Find Duplicate Rows in Excel Across Multiple Columns
Excel offers a number of ways to find rows that contain duplicate values. However, most of them focus on finding rows where the value in just one column is duplicated. In this lesson, we look at how to use the COUNTIFS function to find rows with duplicate entries in two or more columns. We then use the COUNTIFS function in combination with Excel's Conditional Formatting feature to highlight duplicate and triplicate rows.
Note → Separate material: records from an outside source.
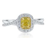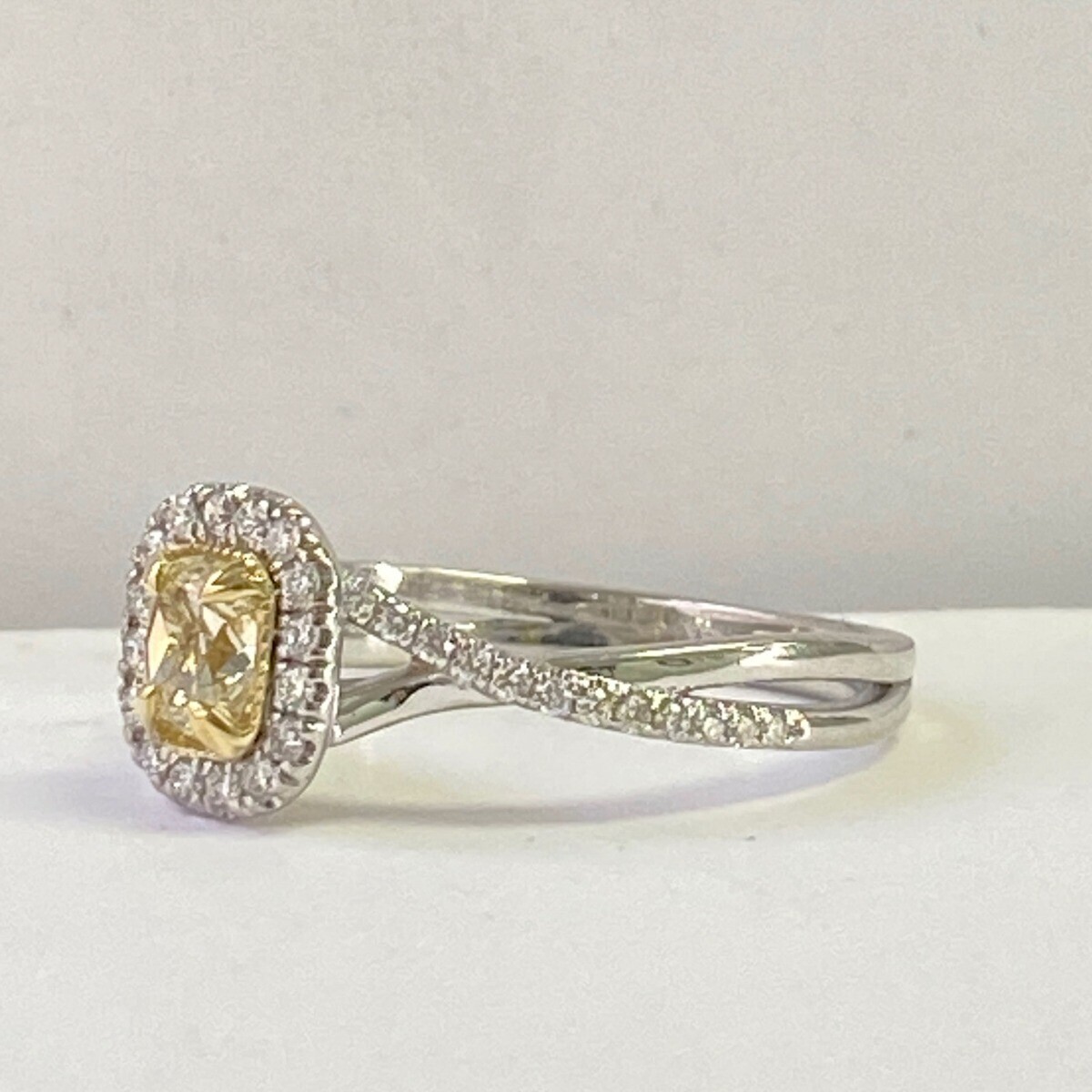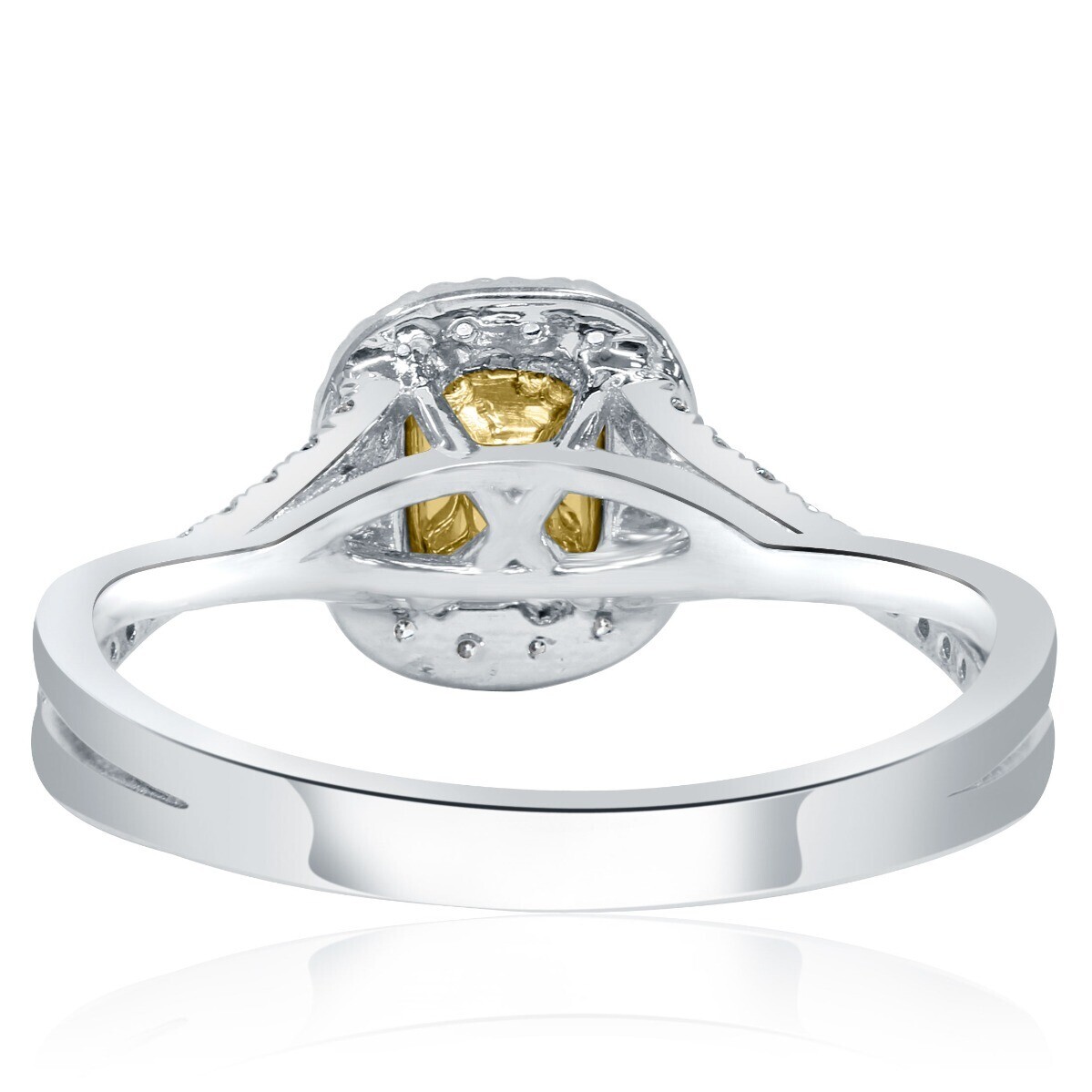 El deslumbrante anillo de compromiso de diamantes presenta un diamante natural de color amarillo claro de colchon de 0.43 quilates en una configuracion de halo de micro pavimento. Los diamantes de 0.23 ct de corte redondo adicional se alinean el vastago dividido torcido infinito que agrega una belleza adicional al anillo. Hecho a mano en oro múltiple de 14 quilates. El peso total de quilates es de 0,65 quilates.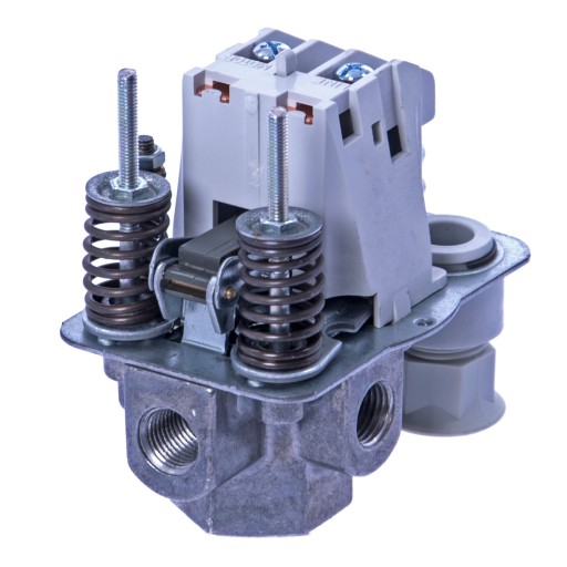 Przełącznik ciśnieniowy marki CONDOR, używany do utrzymywania ciśnienia w zbiorniku kompresora pomiędzy zadaną górną i dolną wartością ciśnienia. Sterownik przeznaczony do silników jednofazowych.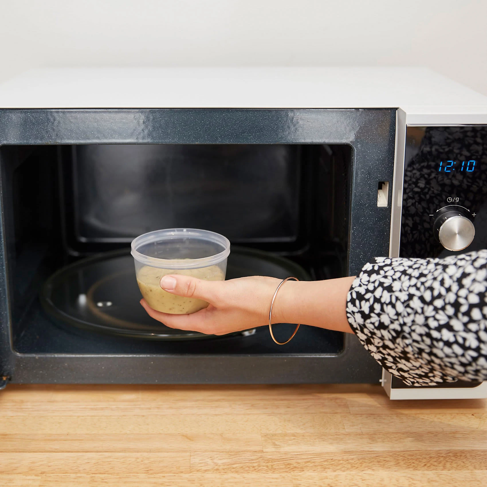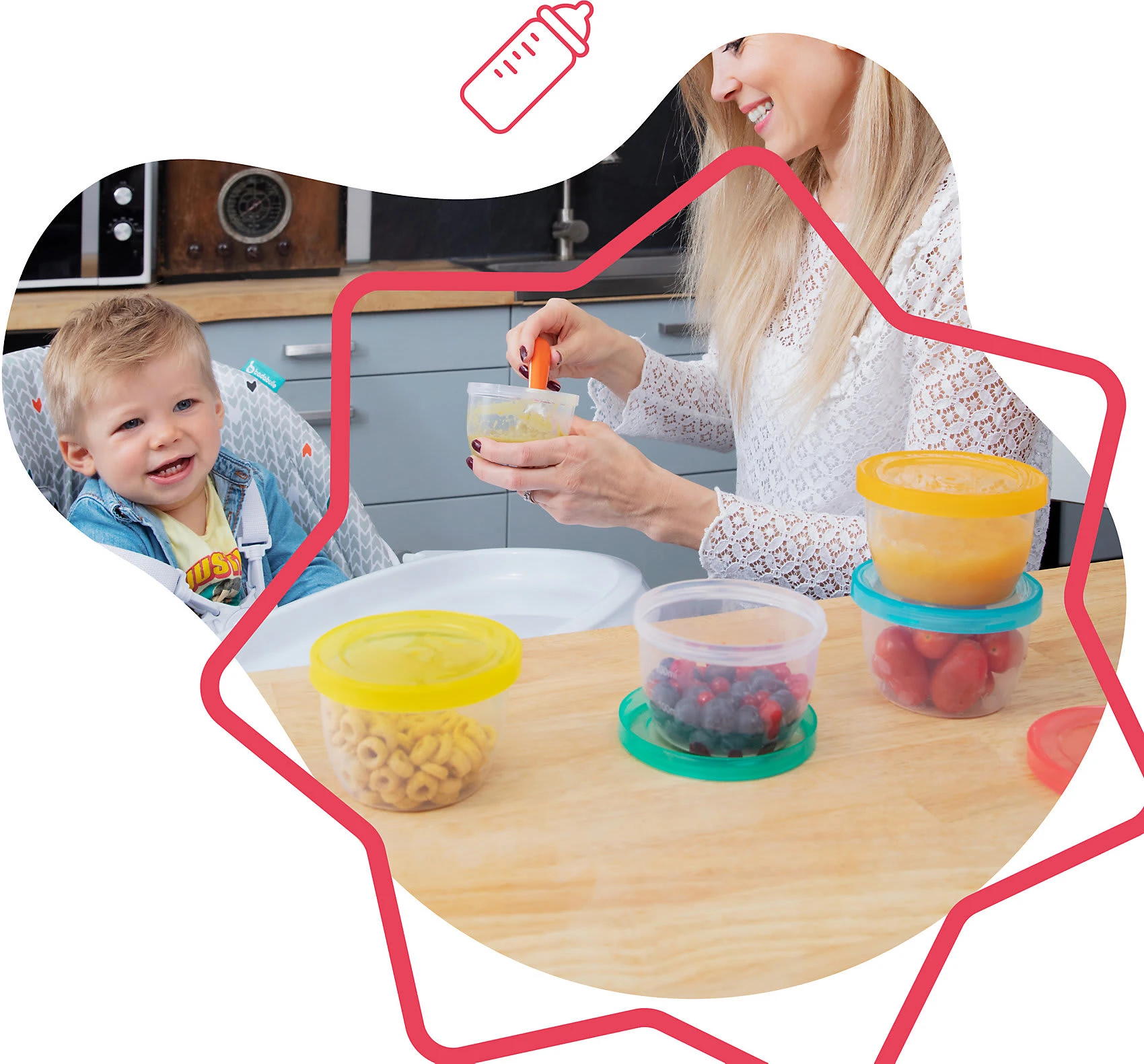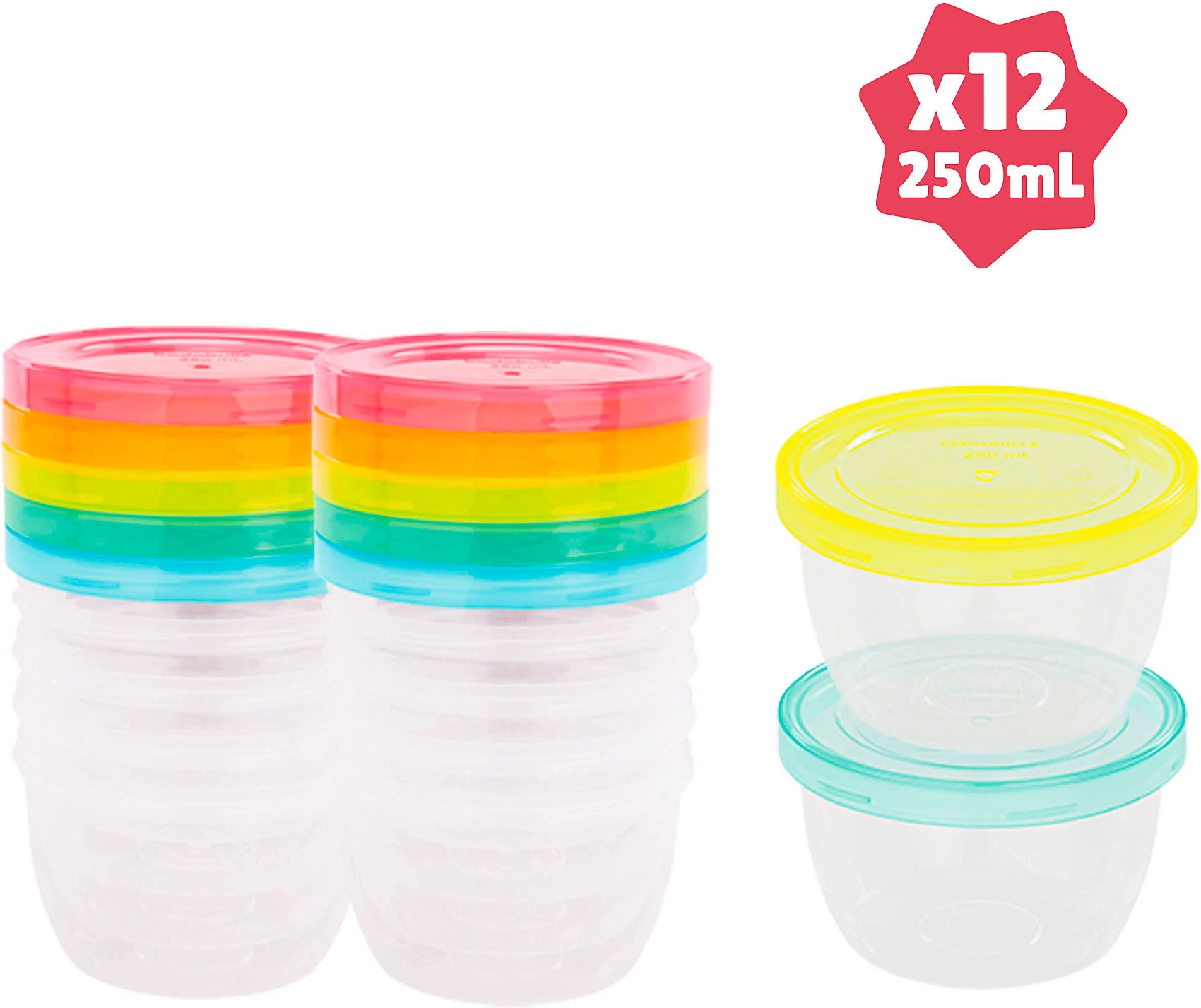 Dieses Set von badabulle besteht aus 12 Schüsseln mit passenden Deckeln, die sich zum Beispiel zum Mitnehmen von Mahlzeiten eignen, wenn man unterwegs ist. Mahlzeiten können in der Schüssel eingefroren oder auch erwärmt werden. Auf dem Deckel können Eltern notieren, bis wann der Inhalt noch haltbar ist, damit sie den Überblick nicht verlieren.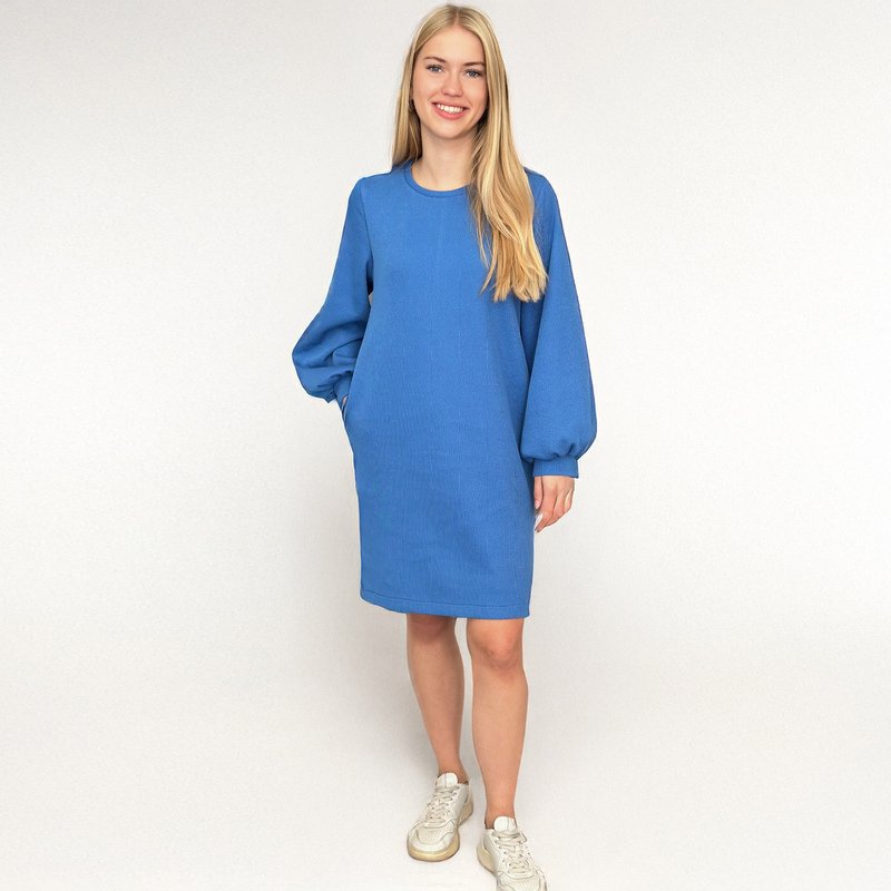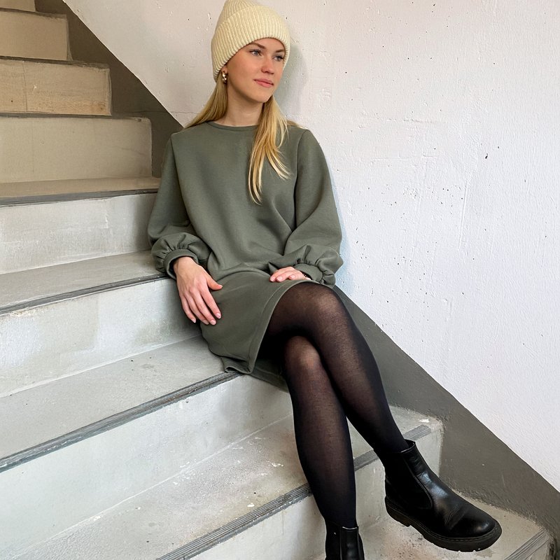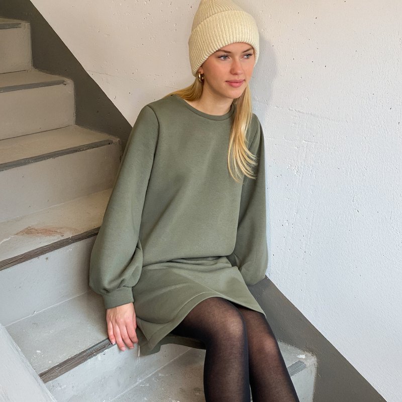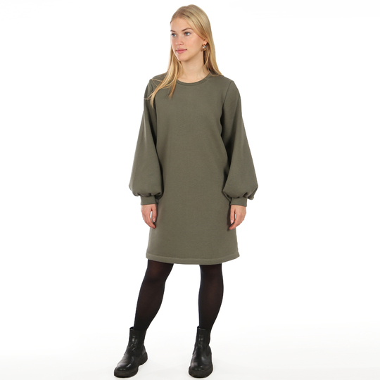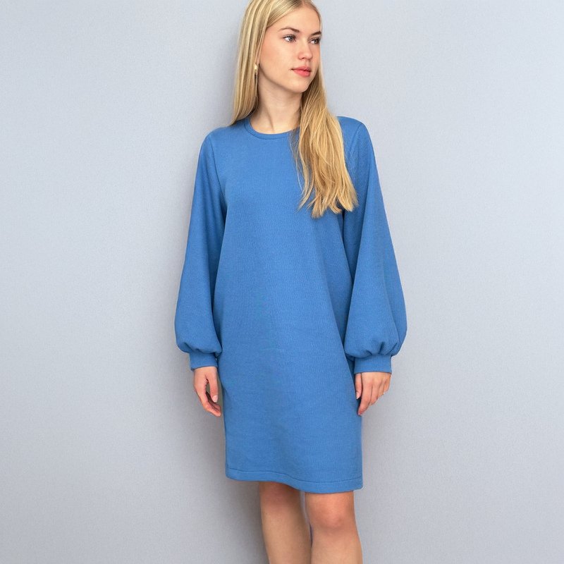 FRAU LINN ist schlicht und stylisch zugleich. Das kurze Keid mit Rundhalsausschnitt ist schlank und gerade geschnitten ohne körpernah zu sein. Es hat eine klassische Armkugel und nach unten weit ausgestellten Ärmel, die am Saum gekräuselt werden und mit einem Bündchen abschließen. FRAU LINN passt sich jedem Anlass an und kann sportlich mit Sneakern genauso getragen werden, wie glamourös mit High Heels.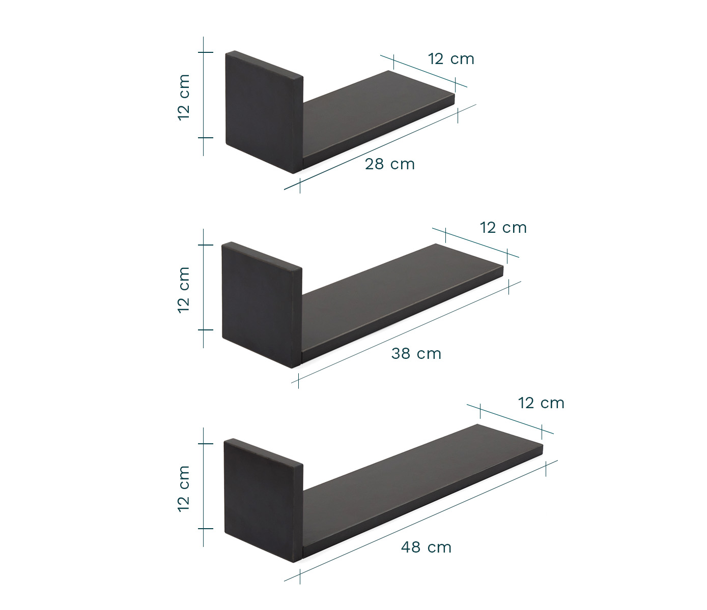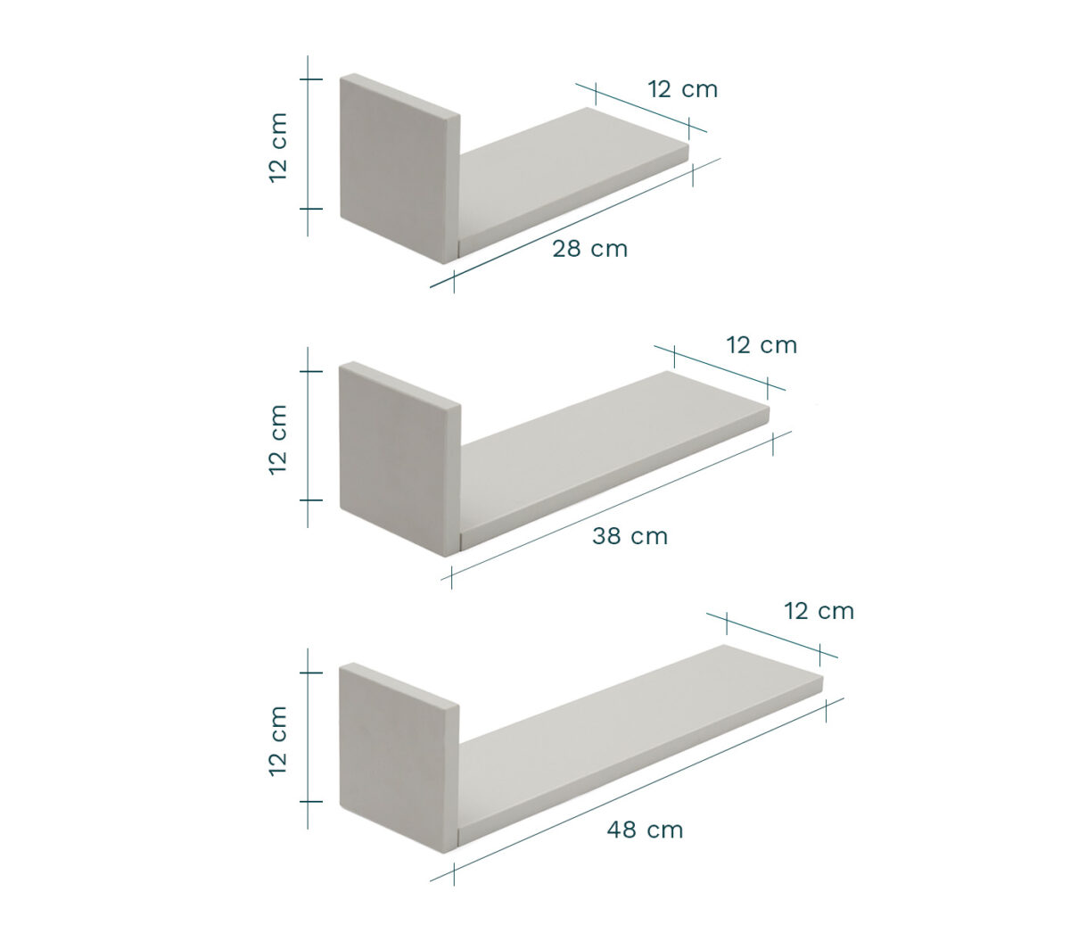 Medium Shelf Dimensions: 12 x 38 x 12 cm

Finding Duplicate Rows - Example data
This lesson uses an example of a product order table. Our data table lists orders of spare parts for several computers. We need to identify how often each spare part is being ordered for each machine. A sample of this data can be seen in the following picture:
As you can see in this example, there are several examples where the Product and Part Ordered are repeated. For example, a Desktop Monitor has been ordered twice, as have Backup Tapes for the Server.
The COUNTIFS syntax
COUNTIFS is a function that allows you to count only those rows in a spreadsheet where certain criteria are met. It is closely related to the COUNTIF function. COUNTIF allows you to use just one criteria, whereas COUNTIFS allows you to use multiple criteria. You can find out more about COUNTIF in our lesson on how to Use COUNTIF to count the cells in a range that match certain values. Note that the COUNTIFS function was introduced in Excel 2007, so the method we're going to look at in this lesson will only work if you have Excel 2007, Excel 2010 or Excel 2013. The screenshots and examples in this lesson have been produced using Excel 2013, but this method will work in all three versions.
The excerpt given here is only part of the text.